A report in Current Biology offers the first scientific evidence that humans are affected by the geophysical rhythms of the moon. “The lunar cycle seems to influence human sleep, even when one does not ‘see’ the moon and is not aware of the actual moon phase,” says report author Christian Cajochen, from the University of Basel.
For the study, Cajochen’s team of researchers worked with 33 volunteers whose brain patterns were monitored while sleeping, along with eye movements and hormone levels.
Intriguingly, the researchers observed that around the time of the full moon, brain activity related to deep sleep dropped by 30 percent. People also took five minutes longer to fall asleep, and they slept for twenty minutes less time overall. The study participants reported their sleep was poorer when the moon was full, and they showed diminished levels of melatonin, a hormone known to regulate sleep and wake cycles.

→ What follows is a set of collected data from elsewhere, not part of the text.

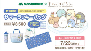 得情報モスバーガー×すみっコぐらしコラボ!サマーラッキーバッグの予約が7月23日まで。 モスバーガー×すみっコぐらしコラボ!サマーラッキーバッグが8月2日-8月10日まで発売されます。 こちらの事前予約が7月23日まで。 料金は3500円。内容は超豪華。2023.07.22得情報
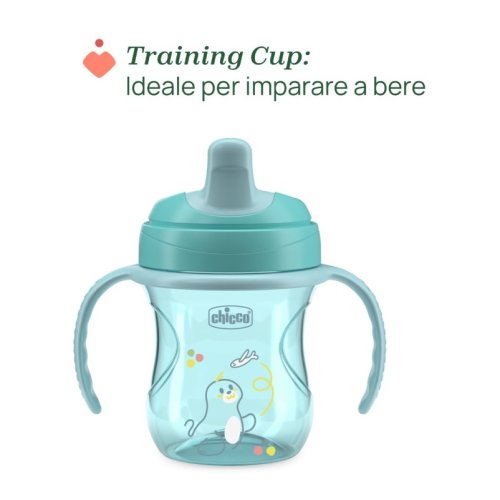 Tazza Training Cup – tazza antigoccia con manici ergonomici e removibili, pensata per favorire la presa indipendente e facilitare il passaggio dal biberon alla tazza.
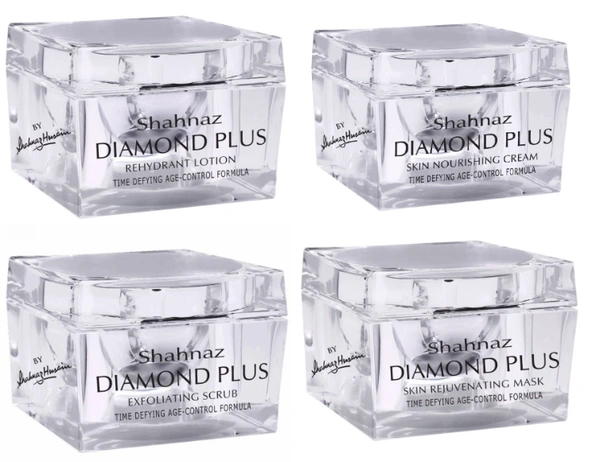 Shahnaz Husain's Diamond Plus Rehydrant Lotion is enhanced with organic extracts combined with ash of Diamond. The formulation provides intensive moisturisation and age control benefits. Containing extracts of carrot seed, date, basil, aloe vera juice and grape fruit, with Vitamin-E and honey, it helps to hydrate the skin powerfully and restore its smooth youthful beauty. Improves moisture retention and leaves the skin soft and glowing.
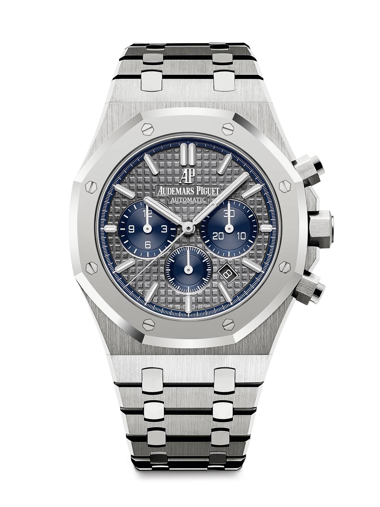 全新皇家橡树系列计时码有7款腕表,均采用清新的双色表盘设计。与以往相比,3点和9点位置的计时副表盘尺寸加大,再加上全新荧光涂层,大大提高了读数的清晰度。

“This is the first reliable evidence that a lunar rhythm can modulate sleep structure in humans when measured under the highly controlled conditions of a circadian laboratory study protocol without time cues,” Cajochen said.
He speculates that this circalunar rhythm might be a relic from a distant past in which the moon may have synchronized human behaviors for reproductive or other purposes. This is well understood in other animals, especially marine creatures, where moon light coordinates reproduction behavior. “It could turn out that the moon has power over other aspects of our behavior as well, such as our cognitive performance and our moods,” Cajochen offered.
In the future, the researchers hope to look more deeply into the anatomical location of the circalunar clock and its molecular and neuronal underpinnings.